Excerpt: Venus Williams' 'Come to Win'

With the launch of V Starr, I immediately realized that although tennis and design couldn't be further apart, I was bringing lessons learned on the court into the meetings, whether they were with potential clients, my team, or suppliers. My curiosity piqued, I began to compile a list of former athletes (not all of whom played professionally) who are now at the top of their professions. If I could talk to each one I'd ask them if their sports background was of any use in their professional life. And that curiosity led to this book. Along with my co-author, Kelly E. Carter, I did get to talk with this impressive and varied group of former athletes, and their responses comprise this book. I was encouraged and pleasantly surprised by their contributions. Though they come from a variety of fields—there are actors, designers, CEOs, chefs, doctors, editors, financiers, reporters, and politicians, as well as former professional athletes—the drive and discipline they bring into their work mirrors what they gave on the field, rink, and court or in the pool.

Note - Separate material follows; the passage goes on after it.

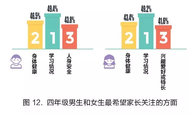四年级男生希望家长关注自己的人身安全,而女生更希望家长关注自己的兴趣爱好和特长。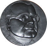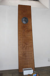 Zum Gedenken an Pfarrer Strohmeyer hat sein ehemaliger Schüler, Bildhauer Pfof. Franz Gutmann dieses Totenbrett mit seinem Bild geschaffen.

I loved working on this book, and I hope you too take something away—whether you're an aspiring visionary, an established or ascending executive, a burgeoning designer or actor. I hope you'll see how sports gives you a foundation that is transferrable, and how if you've played sports (at any level, professional or amateur), you are carrying around knowledge that you can use effectively in other fields. Reading the experiences of others made me cognizant of the benefits from sports I didn't even realize I had received—character, strength of body and mind, confidence, a sense of value and validation. Sarina Bratton, an entrepreneur who started a cruise line, perhaps sums it up best: "All of the training, the discipline, the determination, the good attitude and hard work that you're putting into your sport now are inherent values that you will carry with you through life, and you can apply those same values and disciplines to anything that you choose in your life. Recognize that and never be afraid to use them in your career or whatever you choose to do."

Not only did this book validate my sense that sports will benefit my post-sports career, but the stories also moved me. I get teary-eyed every time I read about former secretary of defense William Cohen's dad standing in the snow, peeking in through the window to watch his son play basketball, or how Vera Wang's figure skating not only bonded her to her family but may have extended her mother's life when illness struck.

More than move me, these essays motivated me. They have given me words of wisdom I'll take with me on the court and in the proverbial boardroom. In fact, I've already started putting some of these inspirational thoughts into my notebook—another idea I picked up from my father. He would prepare notebooks for us and fill up the pages with thoughts—sometimes even stories—about improving our tennis and attitudes. Everything was typed out, and the pages were laminated. Sometimes he'd hand us just a couple of pages, and sometimes a laminated binder folder. Some of them were even made into signs with sayings like "Believe It. Achieve It"; or "If you fail to plan, you plan to fail"; or "Perfect practice makes perfect," which he'd hang around the tennis court and in the house. There's still one hanging in the bathroom that reads: "Always try to be the most polite person in the world."